» **EXERCISE**
Below is a listing; print exactly its lines from the one containing "колорит, связь с" down to the one containing "Душа поёт я", both inclusive, with every picture left out.

» **GIVEN RECORDS**
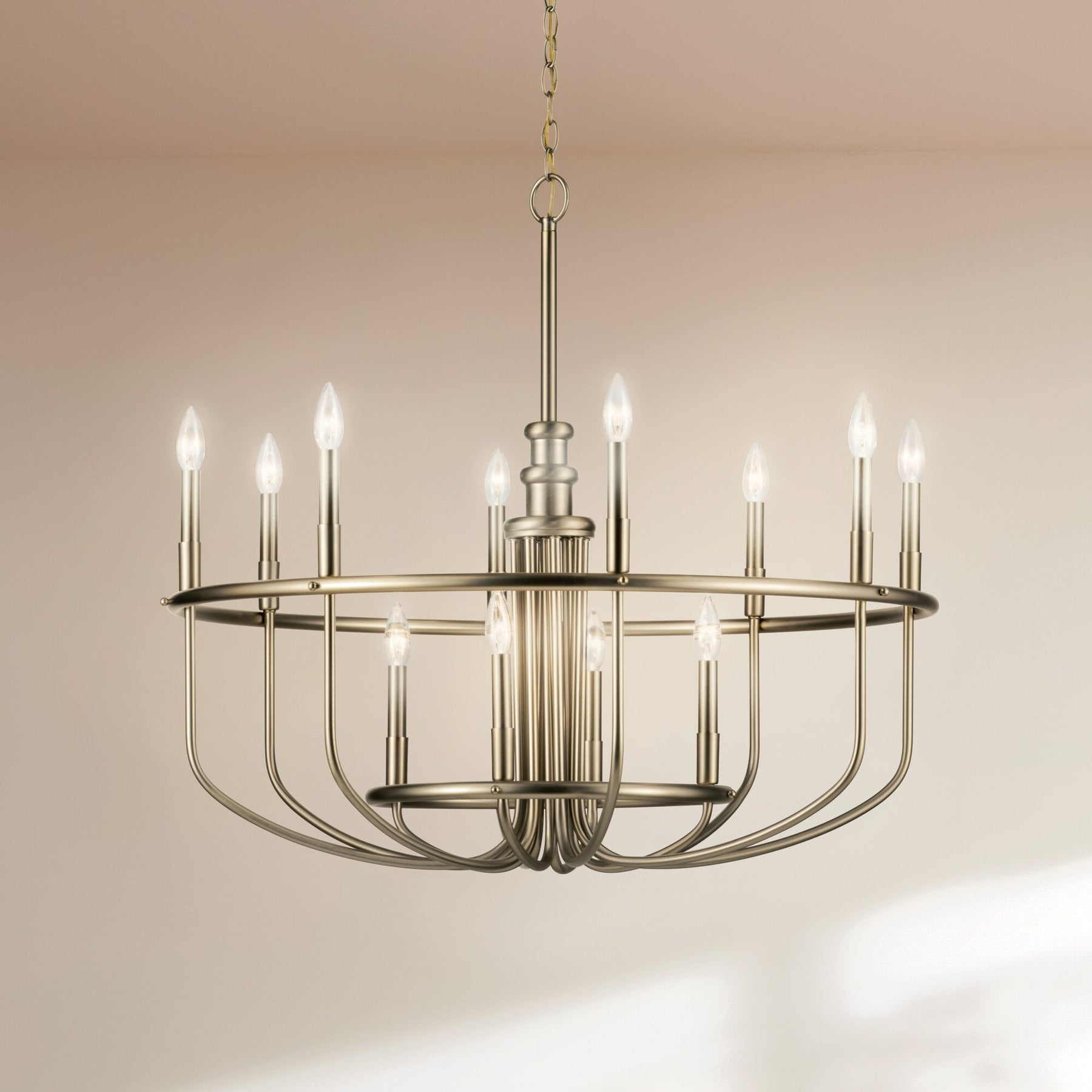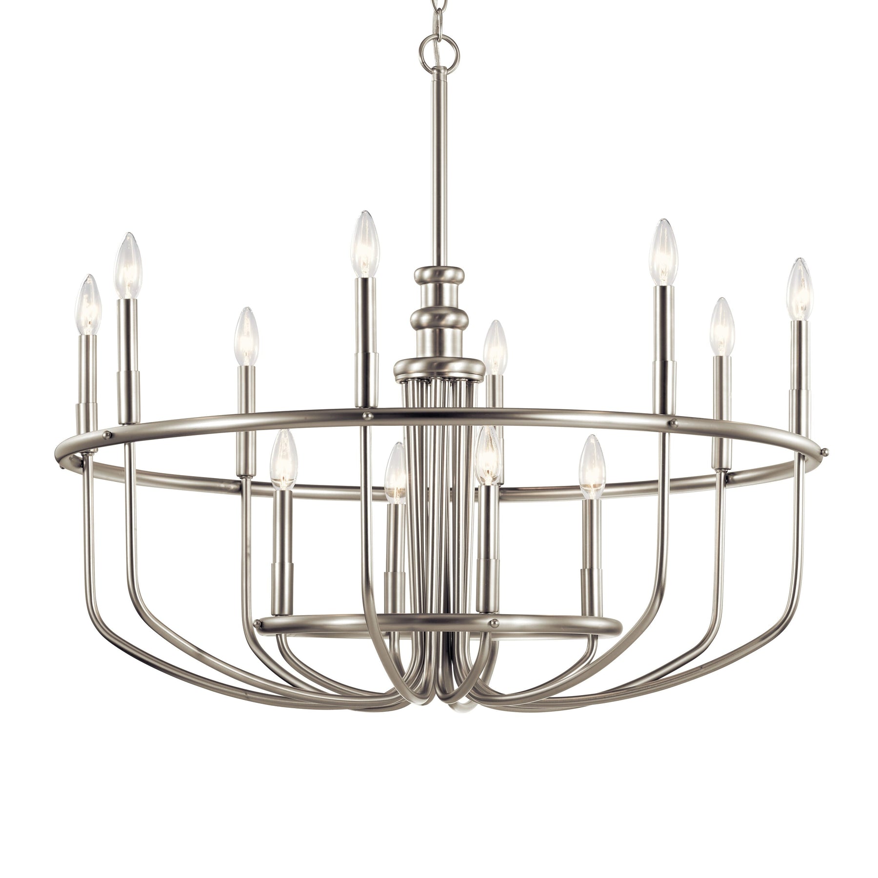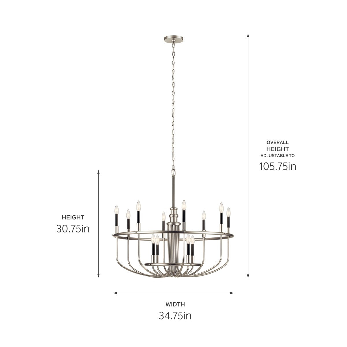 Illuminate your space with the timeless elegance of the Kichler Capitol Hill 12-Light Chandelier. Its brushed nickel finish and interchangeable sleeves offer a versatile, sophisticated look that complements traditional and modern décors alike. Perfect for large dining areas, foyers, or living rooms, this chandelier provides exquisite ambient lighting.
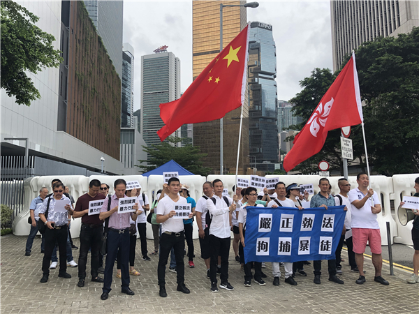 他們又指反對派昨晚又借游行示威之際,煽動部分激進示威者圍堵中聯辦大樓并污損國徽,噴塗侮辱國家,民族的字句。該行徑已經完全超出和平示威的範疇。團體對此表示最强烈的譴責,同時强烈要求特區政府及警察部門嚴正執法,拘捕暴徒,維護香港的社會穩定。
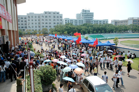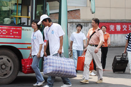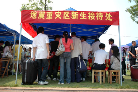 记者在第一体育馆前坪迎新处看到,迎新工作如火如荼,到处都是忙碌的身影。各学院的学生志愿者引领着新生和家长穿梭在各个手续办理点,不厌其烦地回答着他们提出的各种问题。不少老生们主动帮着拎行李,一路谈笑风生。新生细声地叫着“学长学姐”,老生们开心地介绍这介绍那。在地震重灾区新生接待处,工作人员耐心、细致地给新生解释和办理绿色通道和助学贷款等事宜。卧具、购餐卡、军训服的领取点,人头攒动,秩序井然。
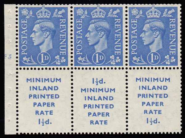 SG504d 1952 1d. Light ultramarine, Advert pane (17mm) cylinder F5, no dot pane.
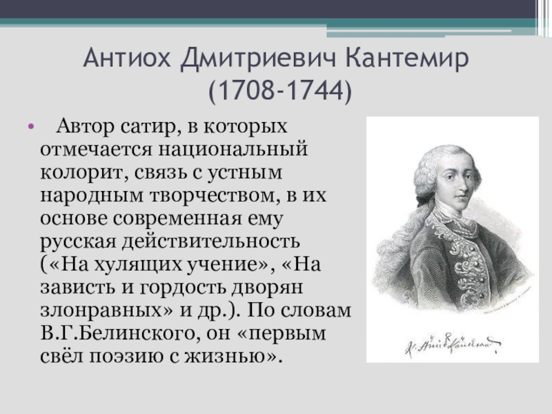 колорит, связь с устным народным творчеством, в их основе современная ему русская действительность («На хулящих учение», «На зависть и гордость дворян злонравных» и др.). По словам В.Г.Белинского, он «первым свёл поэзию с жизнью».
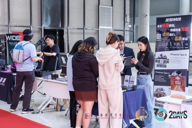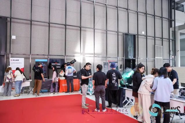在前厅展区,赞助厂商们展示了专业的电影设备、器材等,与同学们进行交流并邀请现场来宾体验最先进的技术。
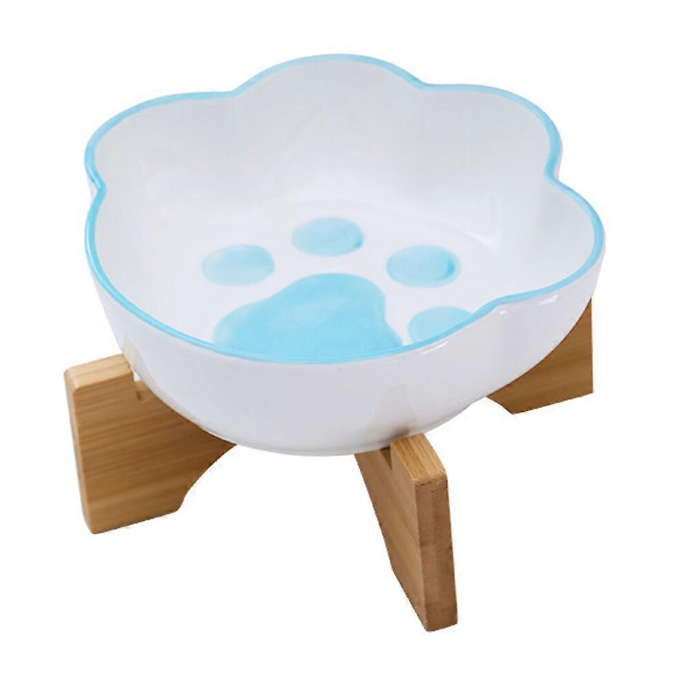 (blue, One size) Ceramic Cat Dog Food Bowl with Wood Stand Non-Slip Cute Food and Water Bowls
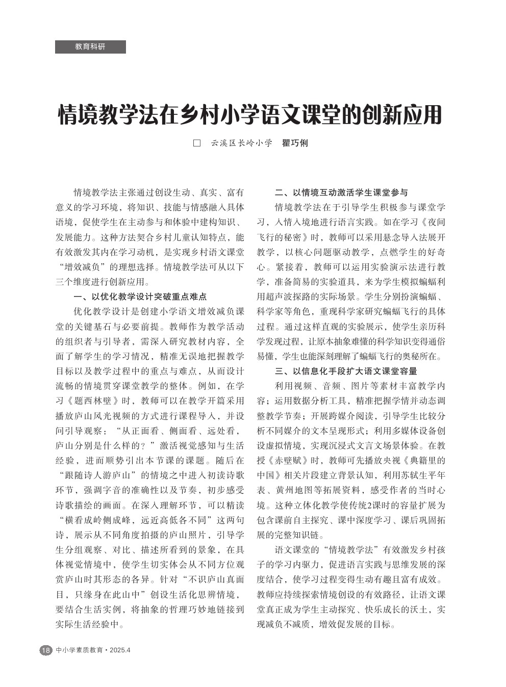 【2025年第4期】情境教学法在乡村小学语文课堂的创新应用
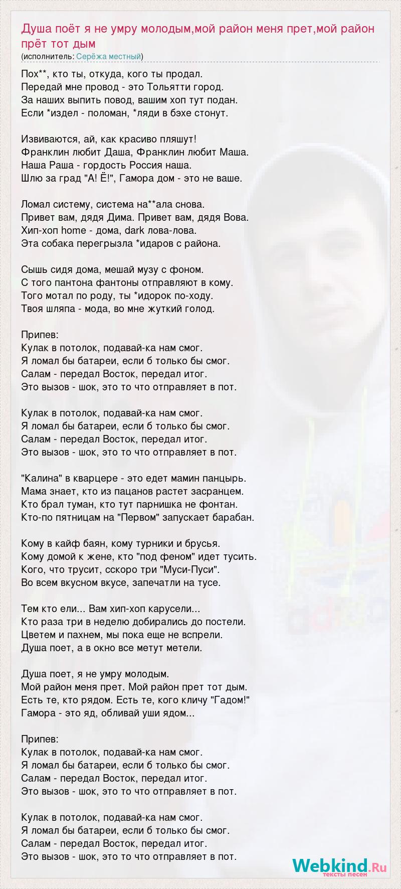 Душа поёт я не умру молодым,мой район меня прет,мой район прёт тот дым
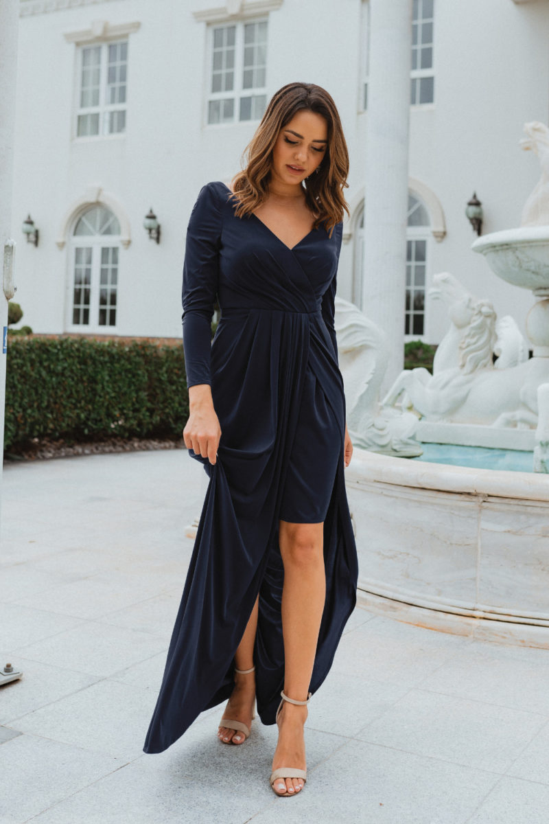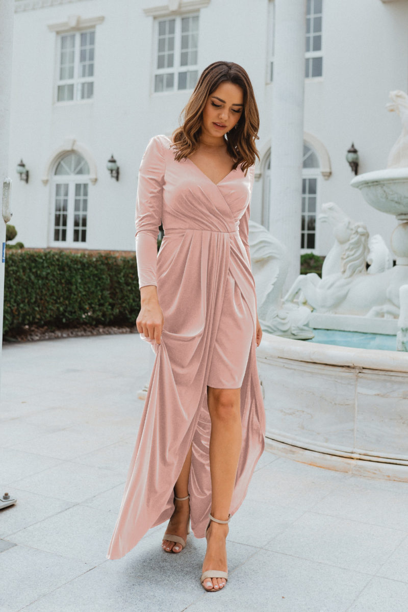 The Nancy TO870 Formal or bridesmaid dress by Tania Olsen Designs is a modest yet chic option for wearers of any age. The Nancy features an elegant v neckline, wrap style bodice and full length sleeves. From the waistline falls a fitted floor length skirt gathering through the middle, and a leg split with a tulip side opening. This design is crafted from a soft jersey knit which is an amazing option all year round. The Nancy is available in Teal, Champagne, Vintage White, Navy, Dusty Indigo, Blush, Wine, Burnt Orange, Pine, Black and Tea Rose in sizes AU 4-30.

» **RESPONSE TO THIS TASK**
 колорит, связь с устным народным творчеством, в их основе современная ему русская действительность («На хулящих учение», «На зависть и гордость дворян злонравных» и др.). По словам В.Г.Белинского, он «первым свёл поэзию с жизнью».
在前厅展区,赞助厂商们展示了专业的电影设备、器材等,与同学们进行交流并邀请现场来宾体验最先进的技术。
 (blue, One size) Ceramic Cat Dog Food Bowl with Wood Stand Non-Slip Cute Food and Water Bowls
 【2025年第4期】情境教学法在乡村小学语文课堂的创新应用
 Душа поёт я не умру молодым,мой район меня прет,мой район прёт тот дым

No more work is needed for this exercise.